While we correlated an increase in hematopoietic colonies with Stem-Kine induced upregulation of peripheral blood CD34 and CD133 cells, given that these markers are also found on EPC [25], we evaluated the possibility that circulating EPC numbers were also increased. We observed maximal increases (almost doubling) of CD34+ KDR+ cells in PBMC occurring at day 7 of supplementation, whereas peak CFU-E activity occurred at day 2. The reason for this discrepancy is not known, but potentially may be related to existence of various subsets of cells with EPC potential residing outside of the CD34+ KDR+ fraction.
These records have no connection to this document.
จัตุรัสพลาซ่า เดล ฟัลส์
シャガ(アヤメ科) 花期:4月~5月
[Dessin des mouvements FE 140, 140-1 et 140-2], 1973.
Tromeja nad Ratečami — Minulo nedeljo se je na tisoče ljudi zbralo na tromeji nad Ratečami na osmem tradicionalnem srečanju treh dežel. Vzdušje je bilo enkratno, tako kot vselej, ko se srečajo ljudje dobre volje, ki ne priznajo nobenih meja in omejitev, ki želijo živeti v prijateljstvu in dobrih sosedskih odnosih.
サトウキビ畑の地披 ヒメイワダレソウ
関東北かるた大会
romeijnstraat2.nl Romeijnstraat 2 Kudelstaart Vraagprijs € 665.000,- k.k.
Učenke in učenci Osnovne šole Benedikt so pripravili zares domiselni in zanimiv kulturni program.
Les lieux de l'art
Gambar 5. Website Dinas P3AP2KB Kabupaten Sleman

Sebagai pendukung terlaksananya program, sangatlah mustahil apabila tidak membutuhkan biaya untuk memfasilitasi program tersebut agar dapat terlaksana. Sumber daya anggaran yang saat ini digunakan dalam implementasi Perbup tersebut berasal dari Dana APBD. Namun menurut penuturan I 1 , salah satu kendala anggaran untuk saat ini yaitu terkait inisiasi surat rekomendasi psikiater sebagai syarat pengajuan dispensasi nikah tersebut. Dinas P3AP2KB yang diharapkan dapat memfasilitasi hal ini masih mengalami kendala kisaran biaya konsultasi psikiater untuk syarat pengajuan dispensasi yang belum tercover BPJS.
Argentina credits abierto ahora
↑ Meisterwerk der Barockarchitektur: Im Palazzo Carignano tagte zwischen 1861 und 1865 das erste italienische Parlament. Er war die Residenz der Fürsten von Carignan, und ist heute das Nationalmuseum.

Further studies are required to elucidate functional importance of the variable kinetics of mobilization, as well as possible differences on long-term versus short-term circulating EPC.
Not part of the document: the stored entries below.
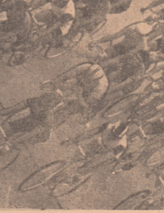
Grosul plutonului luat în „plunge” de fotoreporterul nostru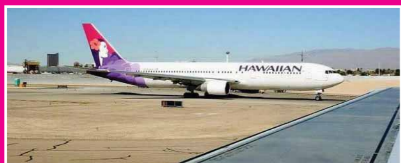
الطائرة التي عادت إلي الخلف

مع بداية عام جديد، لا تخلو فروق التوقيت بين الدول من مضارقات لا تحضر علي يال، وذلك بعدما أقلعت طائرة ركاب من مطار أوكلاند في نيوزيلاندا مع الدقائق الأولى عام 2018، غير أنها تعرضت لسيناريو «زمني» فريد من نوعه، إذ هبطت في مطار هونولولو بجزيرة هاواي الأمريكية في عام 2017. ووفقاً لصحيفة «مترو» البريطانية، كان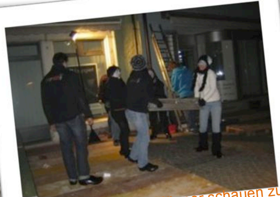
Die Frauen arbeiten, Männer schauen zu 😊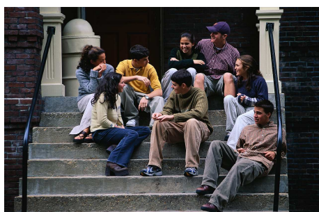
Študijska izmenjava Erasmus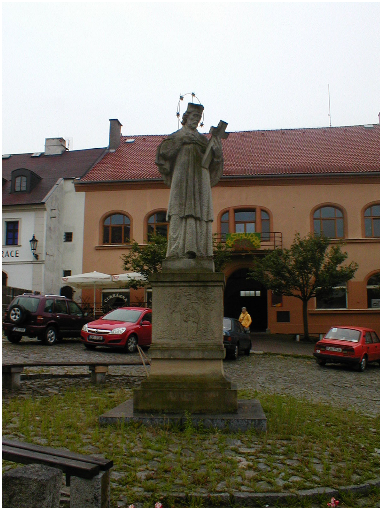
I. Příloha č. 1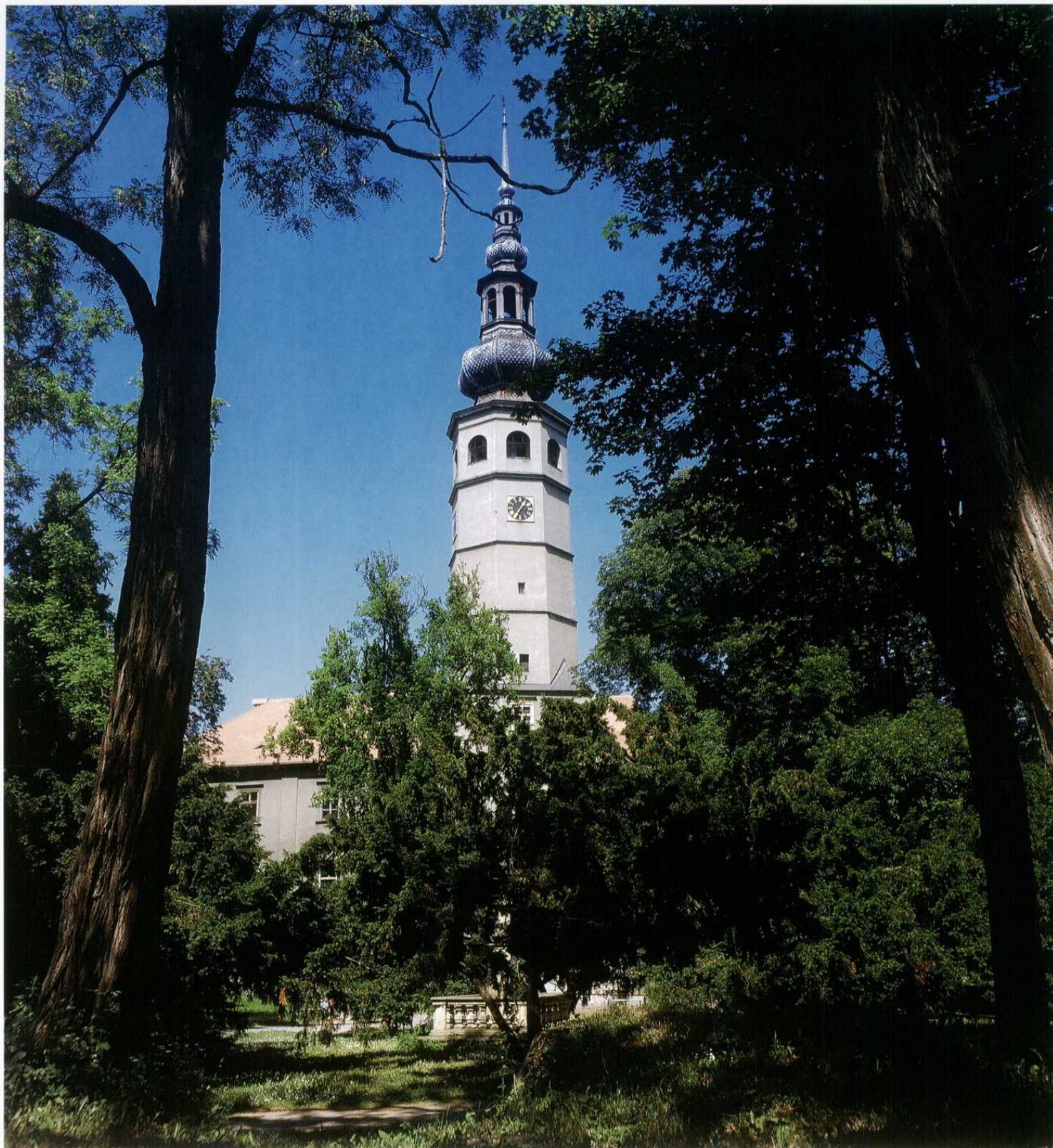
TOVAČOV - zámek s parkem a nejstarším renesančním portálem u nás z r. 1492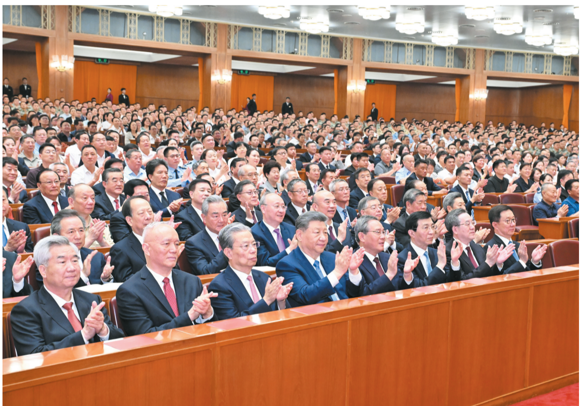
6月29日晚，庆祝中国共产党成立105周年音乐会《人民至上》在北京举行。习近平、李强、赵乐际、王沪宁、蔡奇、丁薛祥、李希、韩正等党和国家领导人，同约3000名观众一起观看演出。

新华社北京6月29日电 深情乐章致敬辉煌历程，嘹亮歌声唱响人民史诗。庆祝中国共产党成立105周年音乐会《人民至上》29日晚在京举行。习近平、李强、赵乐际、王沪宁、蔡奇、丁薛祥、李希、韩正等党和国家领导人，同约3000名观众一起观看演出，共同庆祝这个光辉的节日。

The mechanism of Stem-Kine mediated mobilization remains unknown. One possibility is that a temporary disruption of the SDF-1a/CXCR4 axis is occurring, in a similar manner to mobilization induced by G-CSF or cyclophosphamide [68]. Not mutually exclusive is the possibility that Stem-Kine is activating bone marrow resident macrophages, elaborating cytokines associated with mobilization [69]. We are favoring this possibility based on agents that induce mobilization in the relative potency range associated with Stem-Kine. For example, specific molecular weight ranges of hyaluronic acid have been demonstrated to induce mild mobilization [70, 71], an effect that is associated with bone marrow macrophage production of IL-1 and IL-6 [72]. Peptidoglycan components which are found in Stem-Kine are known to activate macrophages and stimulate production of IL-6 [73].
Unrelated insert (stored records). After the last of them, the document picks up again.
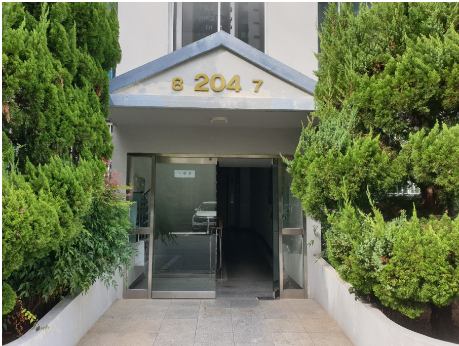
본건 전경(공동현관 출입구)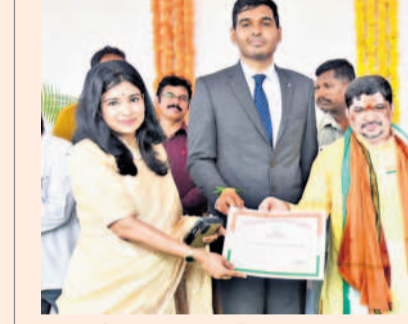
సిద్దిపేట అడిషనల్ కలెక్టర్ గంజాలగండ్లలో ప్రశంసాపత్రాలు అందజేస్తున్న మంత్రి పాన్సం ప్రభాకర్, పక్కన కలెక్టర్ మనుచౌదరి, ఎస్పీ అనురాధ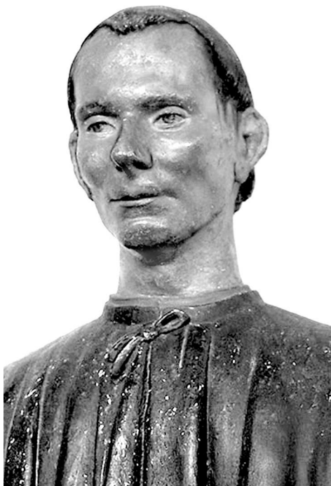
Деревянный бюст Макиавелли. XVI в.

мы видим будущего пронизательного мыслителя и тонкого аналитика. Вместе с тем перед нами раскрывается тот подготовительный процесс, которым воспитывалась политическая мысль Макиавелли.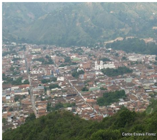
Carlos Eslava Florez

El municipio de Pie de Cuesta, mas tarde nombrado PIEDECUESTA y VILLA DE SAN CARLOS fue fundado el 26 de julio de 1774. Tiene una extensión de 344 kilómetros cuadrados, su altura sobre el nivel del mar es de 982 metros, presenta variedad en su relieve por lo cual tiene clima cálido,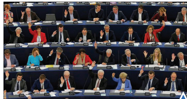
جلسه رأی‌گیری پارلمان اروپا؛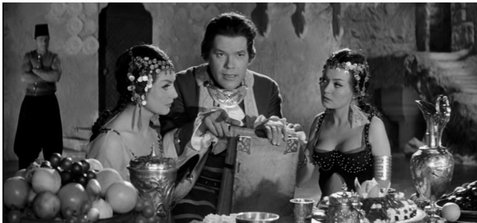
Рис. 5. – Ну, а теперь, когда мне всё известно, откройте мне, кто вы такие на самом деле?

To our knowledge, this is the first study demonstrating profound mobilization effect with possible clinical significance by a food supplement-based approach. The nutritional supplement StemEnhance, is an extract of the cyanobacteria Aphanizomenon flos-aquae [74]. Jensen et al which demonstrated a 25% increase in circulating CD34+ cells, which peaked at 60 minutes-post administration and subsided at 120 minutes [75]. Another nutraceutical product, Nutra-Stem, is composed of a combination of blueberries, green tea extract, carnosine, and vitamin D3. In vitro activity on proliferation of human bone marrow cells was assessed, in which a 60% enhancement of growth was reported [76]. Bone marrow cells from mice supplemented with Nutra-Stem were protected from in vitro exposure to hydrogen peroxide at up to approximately 40% [77]. These data suggest the possibility of nutritional modulation of stem cell compartments, but do not provide results on mobilization. Further research is required to assess physiological effects in humans.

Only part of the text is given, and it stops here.